Ilustrasi. Medcom.id
Ilustrasi. Medcom.id

Peningkatan Harta Kekayaan Pejabat Secara Tidak Sah Didesak Masuk Delik Pidana

Indriyani Astuti • 25 Maret 2023 14:39
Jakarta: Masyarakat sipil mendesak Presiden Joko Widodo (Jokowi) membentuk ketentuan pemidanaan delik peningkatan kekayaan pejabat publik secara tidak sah.
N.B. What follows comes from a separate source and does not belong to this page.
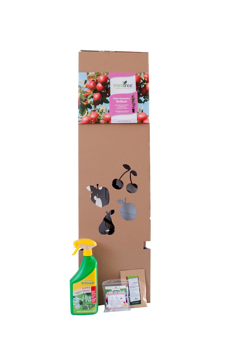 Mit diesem Paket geben Sie Ihrem MiniTree sofort die notwendige Bodenbiologie und Düngung bei der Inbetriebnahme und das Wachstum im ersten Jahr. Die Düngemittel in den Beuteln sind natürlichen Ursprungs. Legen Sie vor dem Pflanzen den MiniTree Startbeutel (biologisch abbaubar) in das gegrabene Pflanzloch und legen Sie Ihren Minibaum darauf. Düngen Sie den MiniTree im April und Juli mit natürlichem Dünger von Insekten um das Wachstum der Äpfel zu fördern. Der MiniTree ist im Frühjahr, wenn die jungen Blätter wachsen (normalerweise im Mai), empfindlich gegenüber Blattläusen. Mit dieser Flasche können Sie dies am Abend nach Sonnenuntergang einfach und natürlich bekämpfen.
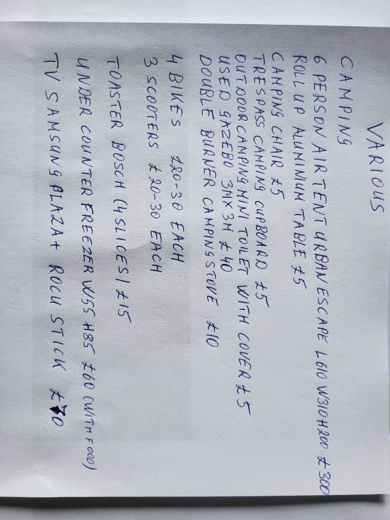 Also I'm selling camping items (picture) a long with bikes, scooters, TV, Freezer.

Hal ini sesuai dengan rekomendasi Pasal 20 Konvensi Anti-Korupsi (UNCAC). 
 
Ketua Perhimpunan Bantuan Hukum dan HAM Indonesia (PBHI) Julius Ibrani menjelaskan hal itu bisa dilakukan melalui revisi Undang-Undang Nomor 19 Tahun 2019 tentang Komisi Pemberantasan Korupsi (KPK) maupun ketentuan perundang-undangan teknis lainnya.
 
Menurut dia, dibutuhkan perubahan Pasal 20 ayat (2) Undang-Undang Nomor 28 Tahun 1999 tentang Penyelenggara Negara Yang Bersih dan Bebas dari Korupsi, Kolusi dan Nepotisme. Tujuannya untuk mengkriminalisasi penyelenggara negara wajib lapor yang tidak melaporkan harta kekayaannya. Peningkatan kekayaan pejabat publik secara tidak sah belum dimasukkan sebagai tindak pidana kriminalisasi di Indonesia.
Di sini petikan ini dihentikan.